Weetos
- Product type: Breakfast cereal
- Owner: Weetabix
- Country: United Kingdom
- Related brands: Weetabix
- Markets: United Kingdom Republic of Ireland Scandinavia France
- Website: https://www.weetabixfoodcompany.co.uk/our-brands/weetos

= Weetos =

Breakfast cereal made by Weetabix

Weetos is a brand of chocolate-flavoured breakfast cereal produced by Weetabix Food Company. The name comes from the fact that its primary ingredient is wheat (Weet-) and the cereal pieces are in O shapes (-Os), the same naming convention that is used on the company's flagship cereal Weetabix (Wheat Biscuits).

The brand initially began with the Weetos cereal, officially known as Weetos Chocolate Flavour, and has expanded to include Weetos Meteors, Weetos Bars (which are cereal snacks in bar-form), and Weetos vs. Alien Invaders.

==History==
Weetos has been marketed primarily toward children and younger consumers by the Weetabix Food Company and, as a result, has a long history with mascots. The original mascot, introduced in 1987, was a skateboarder named Derek, who "found life really boring, until new Weetos came out of the blue!", delivered in a broad West Midlands accent. From 1992, the breakfast mascot was Professor Weeto, an elderly gentleman dressed in a white labcoat, whose remaining hair was white and who wore a pair of spectacles constructed from two large Weetos pieces. He was the mascot that acted as the creator and sole advertiser for the cereal. In 2010, he was replaced by The Weeto, a strong Weeto with arms and legs who'd do anything to get into the cereal for children.

In 2006, Weetabix Food Company lowered the amount of sugar present in Weetos by over 35% as part of a drive to appeal to health conscious parents, which resulted in a change of flavour. This was coupled with the dropping of long-running mascot Professor Weeto in favour of neutral images of children participating in various sports.

==Products==

===Weetos Chocolate Flavour===
Weetos is packaged in a brown rectangular cardboard box with the logo and an advert of whatever toy is inside.

Ingredients include wholegrain wheat (41%), wheat flour, sugars, cocoa powder, vegetable oil, milk powder and various vitamins and minerals.

===Weetos Meteors===
Launched in 2008, Weetos Meteors is a space-themed cereal that combines the original O-shape pieces with star and meteor shapes ones. It is one of the few breakfast cereals that directly advertises to children seeing as it is not high in fat, salt and sugar (HFSS) and as a result, doesn't qualify for Ofcom's ban on promotional tie-ups with HFSS food products.

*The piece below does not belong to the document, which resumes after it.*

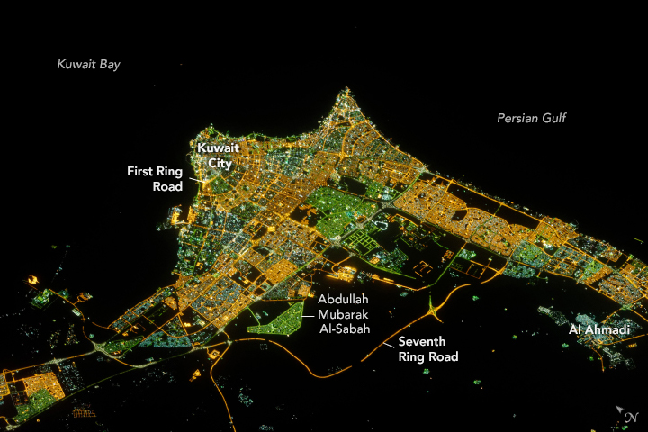 In Kuwait City and surrounding neighborhoods, lighting in newer developments such as Abdullah Mubarak Al-Sabah appears green—likely mercury vapor streetlights. The brighter lights, surrounded by dimmer, more uniformly disibuted lights, are probably mosques.

===Weetos vs. Alien Invaders===
Launched in 2011, Weetos vs. Alien Invaders contains both the original O-shaped pieces along with three ringed alien pieces.

===Weetos Bar===
Weetos is also available in a 20g cereal bar. They contain chocolate flavour wheat hoops and form a soft and chewy bar, with a layer of milk chocolate on the bottom, and are individually wrapped.